Gold and bitcoin should be the Batman and Robin of alternate currencies who blast the fiat-evil together. Instead, they quarrel a lot about who's the best or whether one of them even exists as money.
Goldbugs point to their metal's intrinsic or objective value as knockdown proof of its superiority. By this they mean gold has inherent value because of factors such as its history as currency and its use in producing other goods such as jewelry or computers. They accuse bitcoin of being a currency-wanna-be, with no uses outside its own protocol. Some goldbugs go so far as to call bitcoin a scam because the currency is not tangible.
Two arguments are being made here. Neither one survives scrutiny.
Gold has intrinsic value. The truth: no currency, good or service has objective value. Not even water and food, which are essential to life, are valuable to a man who is committing suicide. The worth of everything is defined by people in varying contexts who act to achieve their own specific goals. In other words, value does not live within the object but is ascribed to it by human beings. This is true of both gold and bitcoin.
Bitcoin is not a real currency. The truth: anything accepted as a medium of exchange becomes the currency within that trade, including seashells, tulip bulbs, and goats offered as a bride-price. Or, as an economist friend likes to say, “if a dog eats it, it's dog food.”
The question now becomes, “is gold or bitcoin a better form of currency?” Adam Smith contributes the insight, "All money is a matter of belief." This refers back to the subjective theory of value, of course, but not all subjective values or beliefs are equal. That is, if a belief or trust in gold is widely held, then gold will be widely accepted as a currency. Although the words “better currency” can never escape the context of “better for whom and for what purpose,” it is reasonable for most people to prefer a currency that is almost universally accepted rather than one in which few people trust. Gold has the decided advantage here.
Gold has other clear advantages. It has a long history of value as a currency while bitcoin began to circulate in 2009. It has many alternate uses which props up its value as currency. (Here, bitcoin is considered only as a medium of exchange and not as a protocol that has a multitude of uses.)
In other standard features of a desirable currency, there is less of a discrepancy between gold and bitcoin. Both are scarce, with only 21 million bitcoins being possible. They are durable. They are divisible, with the tiniest bitcoin unit being a Satoshi or .00000001th of a whole coin. They are fungible. They require effort to produce and so are not prone to artificial inflation.
The basic difference between gold and bitcoin comes down to perception – Adam's act of belief or trust.
Perceptions change. And the perception of bitcoin's value is likely to grow dramatically in the next few years, closing the gap with gold. The reason? It comes down to a concept called “the benefits of adoption,” which is often confused with intrinsic value. For example, the benefits of adopting the habit of eating food is so high that food is often viewed as having intrinsic value.

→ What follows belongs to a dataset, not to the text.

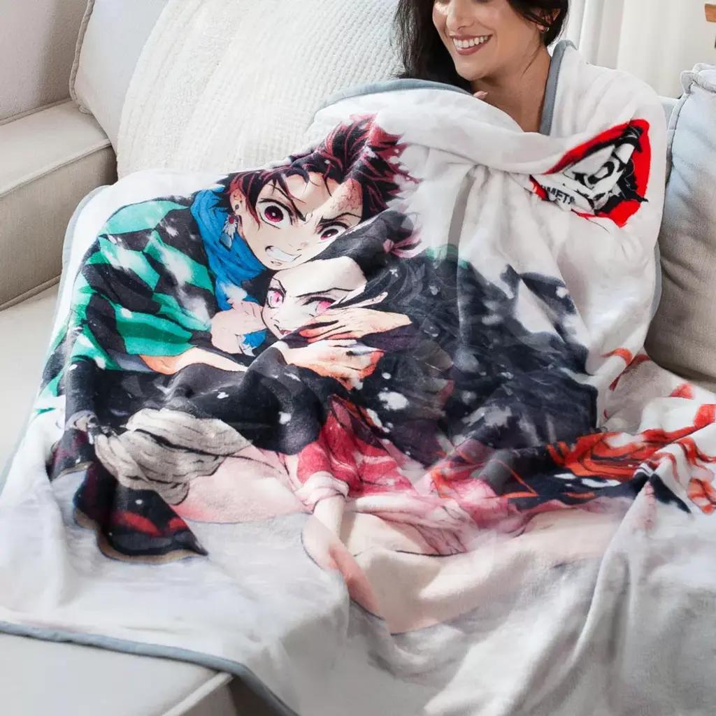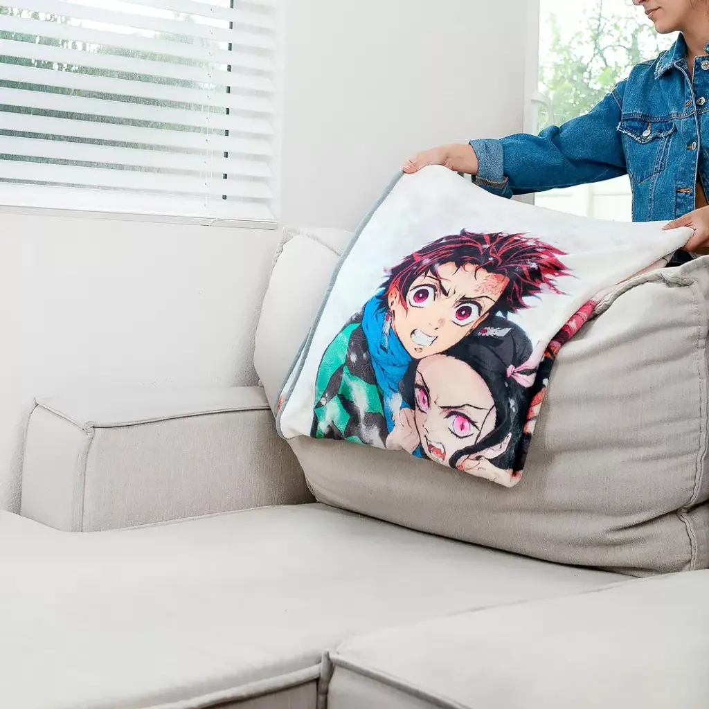 Show off your love of Demon Slayer with this warm and cozy throw blanket! Featuring Tanjiro and Nezuko, this fun throw blanket is soft to the touch, made up of 100% polyester material and measures a roomy 59 inches in diameter. Lastly, it's also easy to clean, machine wash with cold water is highly recommended. Officially licensed. Produced by Just Funky.

The benefits of adopting bitcoin as a currency are more obvious every day. Some of them come solely from the nature of bitcoin itself. It can be transferred instantly over the Internet, and in large amounts. It is far more difficult to steal and costs nothing to store in a digital wallet.
Other benefits of adoption come from a mixture of bitcoin's nature and politics. Governments and central banks are racing to strip privacy and personal control away from money in order to rake in taxes (in their many forms) and to continue inflating. In India, for example, there is a push to link biometrics such as iris scans with bank accounts. In Japan, plans are underway to have the tourists expected for an upcoming Olympics 'register' and link their fingerprints to credit cards so that their hands become currency. Privacy is murdered in the process.
Bitcoin is one of the last sanctuaries for people who wish to mind their own business and let others do the same. Granted, it is not anonymous. The blockchain is an open ledger but it is one that resists scrutiny, especially by centralized authority. Bitcoins are transferred without credit cards, a credit report, identifying documents, a bank account or the other standard tools used to inform authorities of every cent being spent by every person.
Bitcoin also resists manipulation by governments and central banks. When crisis-Greece clamped limits onto the amount of money people could withdraw from their own accounts, for example, there was no comparable limit on bitcoins. None was possible. The use of bitcoin soared.
Another lesson from Greece: bitcoin moves seamlessly across borders. Gold was being confiscated by border guards who went so far as to remove jewelry from the necks of travellers. The same wealth in bitcoins could have been exported safely and saved from the greedy fingers.
The privacy and flexibility advantages scroll on and on. The mere fact that bitcoin does not bend to government requirements such as age restrictions means a vast segment of society can use their own wealth to their own benefit.
Perhaps it is sad that the benefits of adopting bitcoin are so heavily correlated with the rise of statism. If so, then there is an immediately heartening reality. Bitcoin exists. And other cybercurrencies. Freedom as well as wealth is being mined.